Welcome to the second installment in our series of discussions of the Most Insightful Articles in economics. This post is going up a little later than I had planned, but hopefully you have stuck around. Today we are discussing Friedrich Hayek’s 1945 article The Use of Knowledge in Society.
Whereas Coase invites us to consider (and dismiss) a world without transaction costs, Hayek invites us to consider (and dismiss) a world in which all information is known to a single mind. In this world, Hayek points out, allocating resources in the most rational or efficient way is strictly a math problem, a more complicated version of some of the problems I make my Intermediate Micro students do. “This, however, is emphatically not the economic problem which society faces.” In the real world, information is dispersed, incomplete, and frequently contradictory. How can we use all this dispersed, incomplete, and contradictory information to make the best use of the resources we have?
When we engage in decision-making about resource allocation—whether collectively or individually—we are engaging in what Hayek calls “planning.” This raises two questions. First, how can those who possess some fragments of information communicate them in a useful way to the planner? Second, who should do the planning—one person or many people—and should it be centralized or decentralized? Under what arrangement can we make the best use of all the knowledge that is dispersed in society?
Most of the knowledge that exists in society is not universal, like F=ma. Instead, it is local; in Hayek’s words, “the knowledge of the particular circumstances of time and place.” Everyone knows at least something that no one else knows. For instance, I need a new holder for my EZ Pass because my old one melted in the sun. How likely is it that anyone else would know that? For society to make the best use of its resources, it must develop a method to collect and exploit local knowledge, not just universal knowledge.
It is essential that this method be robust in the sense of being able to withstand constant change. The world is not static. Statistical aggregates hide the innumerable small changes that occur. For instance, if my demand for eggs rises and my neighbor’s demand for eggs decreases by the same amount, my neighborhood’s demand for eggs has not changed. Nevertheless, the optimal allocation of eggs has changed; this suggests that statistical aggregates are not an appropriate basis for allocating resources.

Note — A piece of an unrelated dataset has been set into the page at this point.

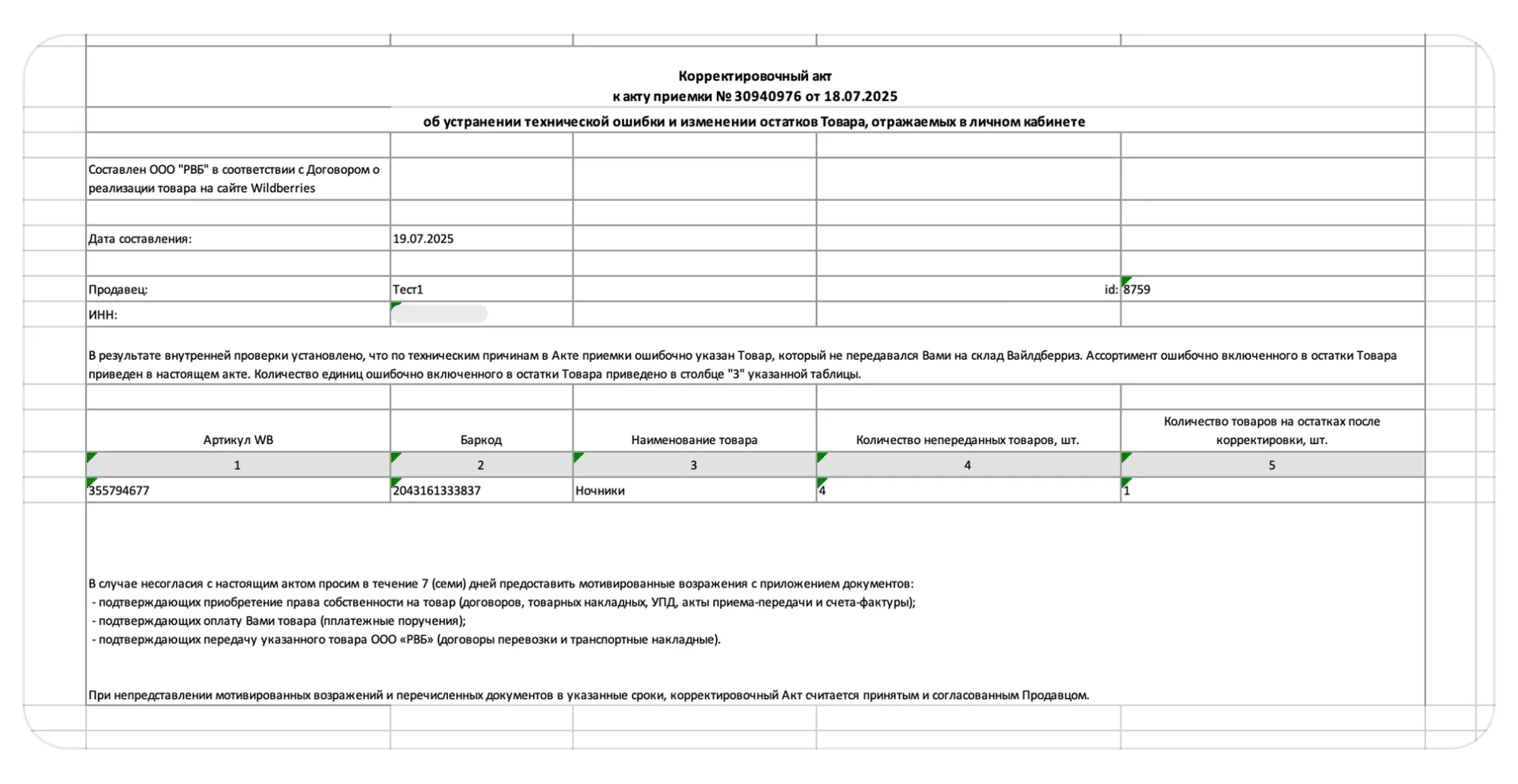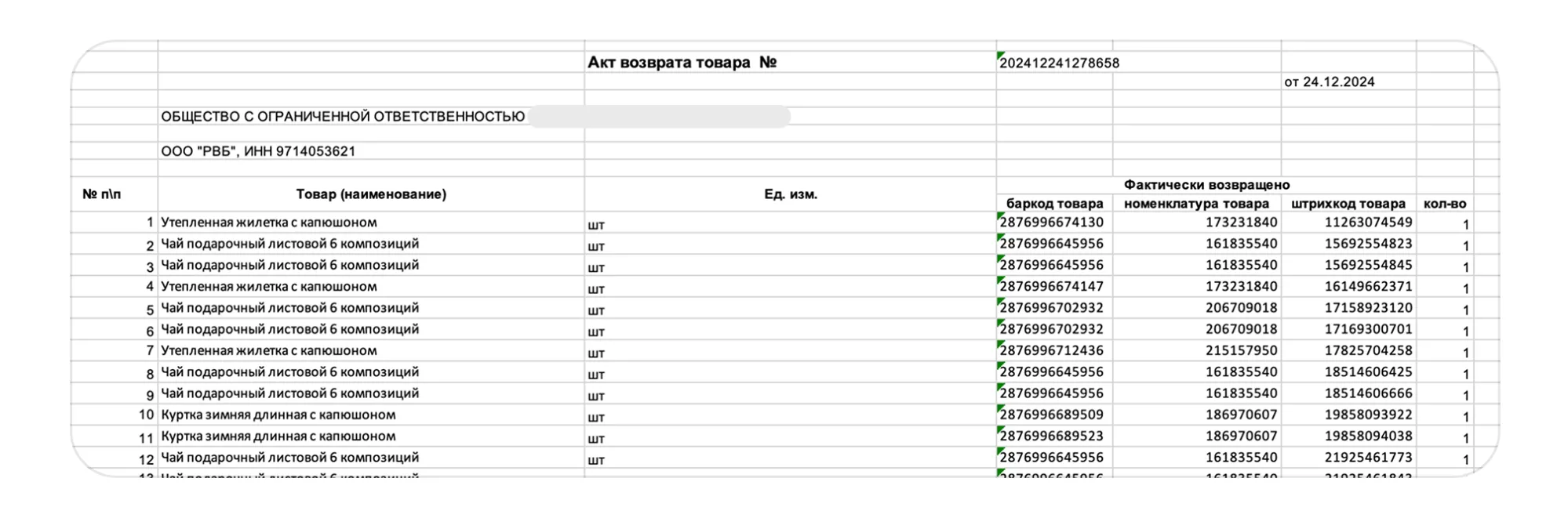 Акт возврата товара (неверное вложение);

“[T]he economic problem of society is mainly one of rapid adaptation to changes in the particular circumstances of time and place.” To solve the problem, we need some form of decentralization. Decentralized actors need to be able to 1) exploit their local knowledge while 2) making use of some sort of summary of the local knowledge possessed by others that is relevant to their decisions. This summary can strip out a lot of “why” questions. The actor does not need to know why some resource is more or less scarce than before, but he does need to know if it becomes more or less scarce.
The problem is solved by the price system. “[P]rices can act to coördinate the separate actions of different people in the same way as subjective values help the individual to coördinate the parts of his plan.” If there is some new and valuable use for tin, the price of tin will rise and people will economize on tin without even knowing why they are doing it. “The whole acts as one market, not because any of its members survey the whole field, but because their limited individual fields of vision sufficiently overlap so that through many intermediaries the relevant information is communicated to all.”

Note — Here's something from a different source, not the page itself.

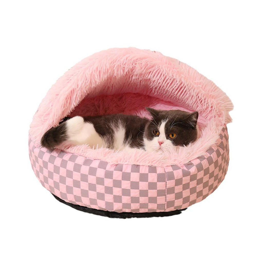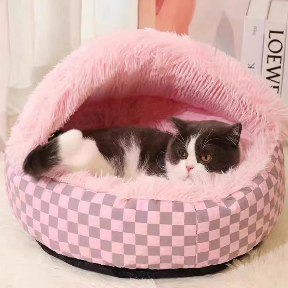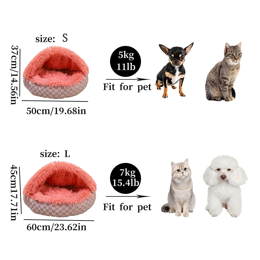 Winter Warm Pet Bed Cat and Dog Nest Plush Semi-Closed Pet Bed Sofa Pink

“We must look at the price system as such a mechanism for communicating information if we want to understand its real function…The most significant fact about this system is the economy of knowledge with which it operates, or how little the individual participants need to know in order to be able to take the right action.” This is not to say that the system operates with 100% efficiency. But it is nevertheless a marvel that changes occur and tens of thousands of people adapt by moving in the right direction, without any orders being issued. “I have deliberately used the word ‘marvel' to shock the reader out of the complacency with which we often take the working of this mechanism for granted. I am convinced that if it were the result of deliberate human design…this mechanism would have been acclaimed as one of the greatest triumphs of the human mind.”
Hayek was more aware than most intellectuals of the extent and significance of our ignorance, and of the importance of extending the range of human cooperation beyond that which could be imagined by a single mind. The idea of a spontaneous order, that some phenomenon could be the product of human action, but not of human design, has been around since at least Adam Ferguson of the Scottish Enlightenment. It is striking that so many people persist in attributing both omniscience and deliberate design to society. We will discuss something else that people erroneously attribute to society next time when we review Ken Arrow’s 1950 paper, A Difficulty in the Concept of Social Welfare.
Suggestions for discussion: I have quoted extensively from this paper because it is very quotable. What are the best quotations that I have left out? Approximately how many bytes of local knowledge are there? Is it conceivable that a very powerful computer could solve the economic problem society faces? Are there other difficulties beyond the sheer quantity of information? What is it about undesigned phenomena that makes people uneasy? What is the greatest deliberately-designed triumph of the human mind and how does it compare in importance to the discovery of the price system? Is there any value at all to the math problems I make my Intermediate Micro students do? Does Hayek’s way of thinking about prices yield any insight into what happens when relative prices are distorted by taxes and subsidies? I look forward to your comments!